In our case the patient presented with a relatively straightforward fracture but the history of Gorham's Disease having been initiated and treated several years previously. The previous episode had affected the distal radius and ulna, whereas the current episode involved the proximal ulna on the same side. The patient was sophisticated about his condition and was able to state the name and something of the nature of the problem. He was naturally concerned that he would have severe problems with healing in the current instance and looked to the treating team to head off this eventuality in some way.
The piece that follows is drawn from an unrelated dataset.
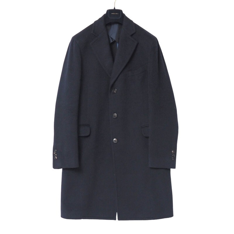 - MH6347▼ボリオリ BOGLIOLI*メンズ50 K JACKET C3401P チェスターコート ロングコート ネイビー系 ハンガー付き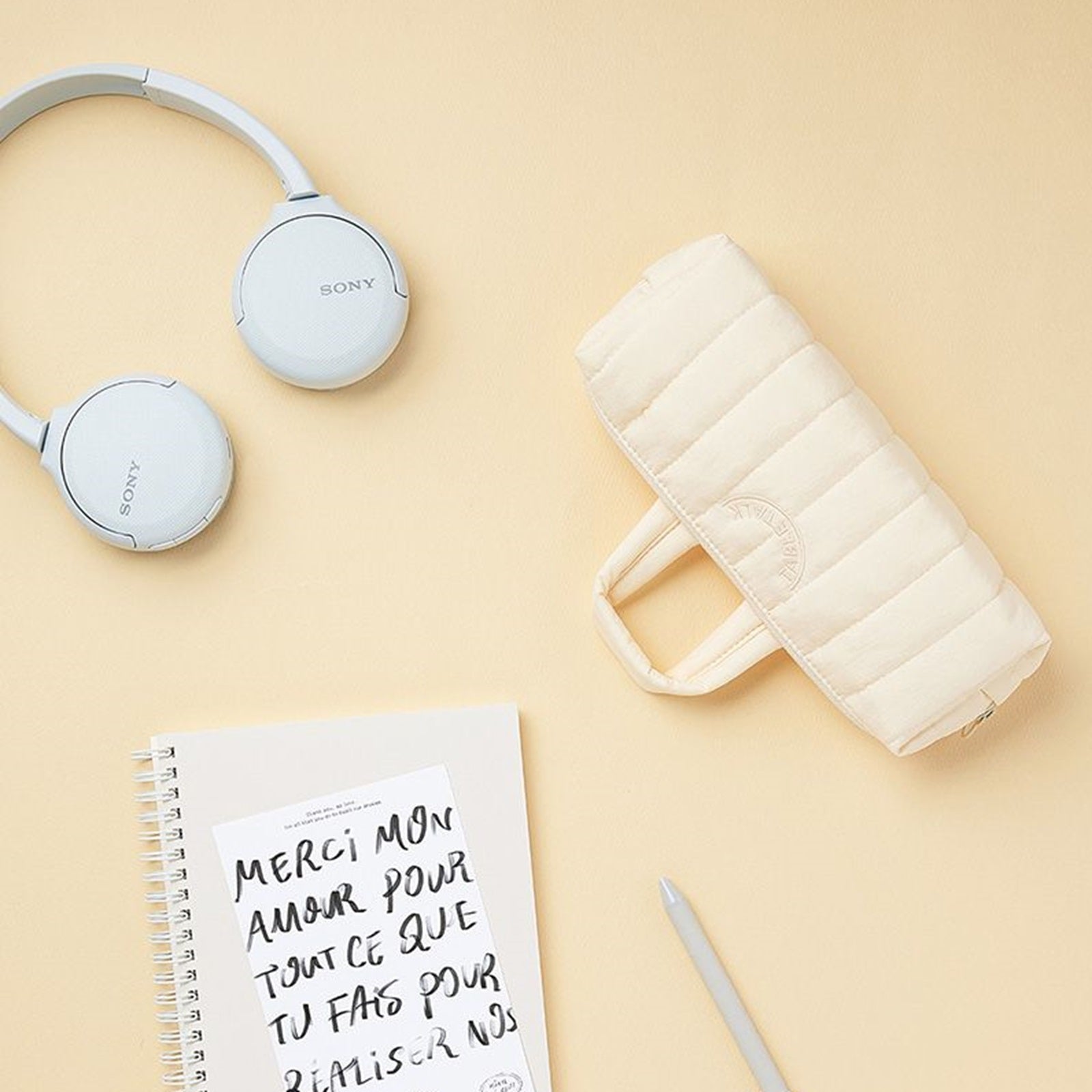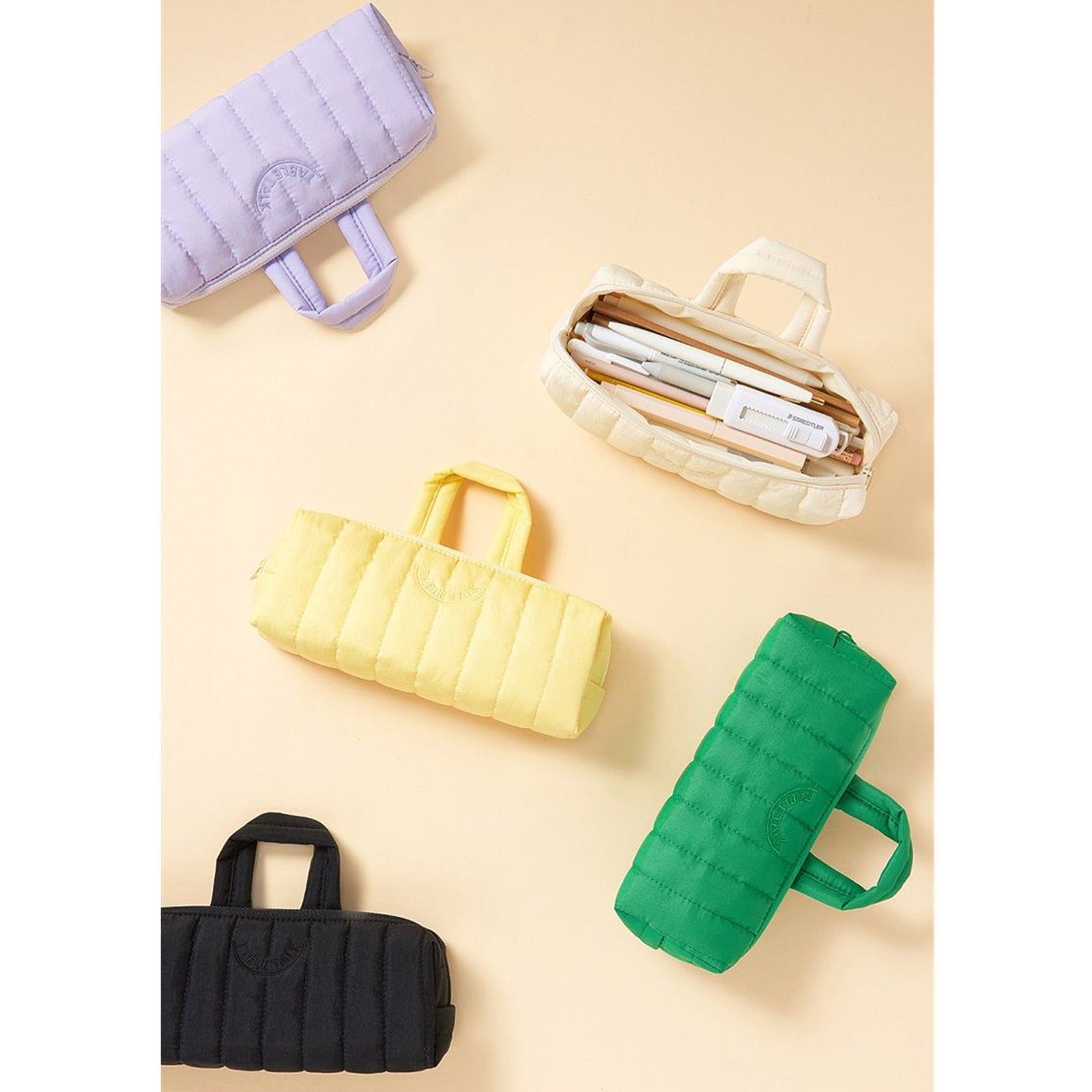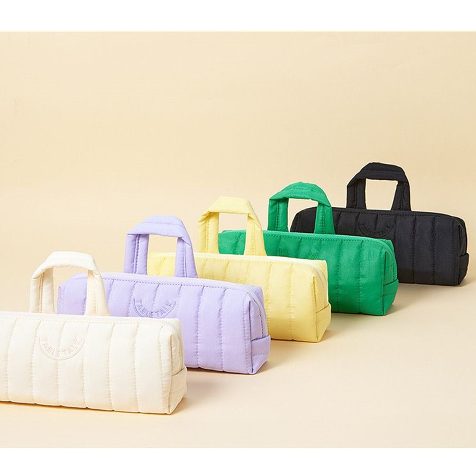 冬のダウンジャケットからインスピレーションを受けた、テーブルトークのダウントートハンドルポーチが登場。20 x 70 x 5cmの長くてスリムなデザインで、デイリーの化粧品やペンなどをすっきりと収納できます。ブラック、クローバーグリーン、クリーム、レモンイエロー、ラベンダーの5色展開で、あなたのスタイルに合わせて選べます。

Apart from standard orthopaedic treatment for fractures, non unions and deformities the medical treatment for Gorhams Disease falls into three groups, radiotherapy 61 80 84 95 114 137 191, anti-osteoclastic medication (biphosphonates) 191 192 and specific treatment for haemangiomata 175 192. A rapid review of the literature and an appeal 198 on the "Orthopod" mailing list on the Internet led to the conclusion that there was no consensus about the most efficacious treatment. We therefore undertook four unrelated forms of treatment, immediate reduction and internal fixation of the fracture, electrical stimulation 202 to speed up the normal process of bone healing, biphosphonate infusion to slow osteoclastic mediated osteolysis 201 and radiation to slow the proliferation of haemangiomatous tissue. This "blunderbuss" approach makes it difficult to say with certainty which element was critical. However, the apparant success more than makes up for this lack of elegance, at least in the eyes of the patient.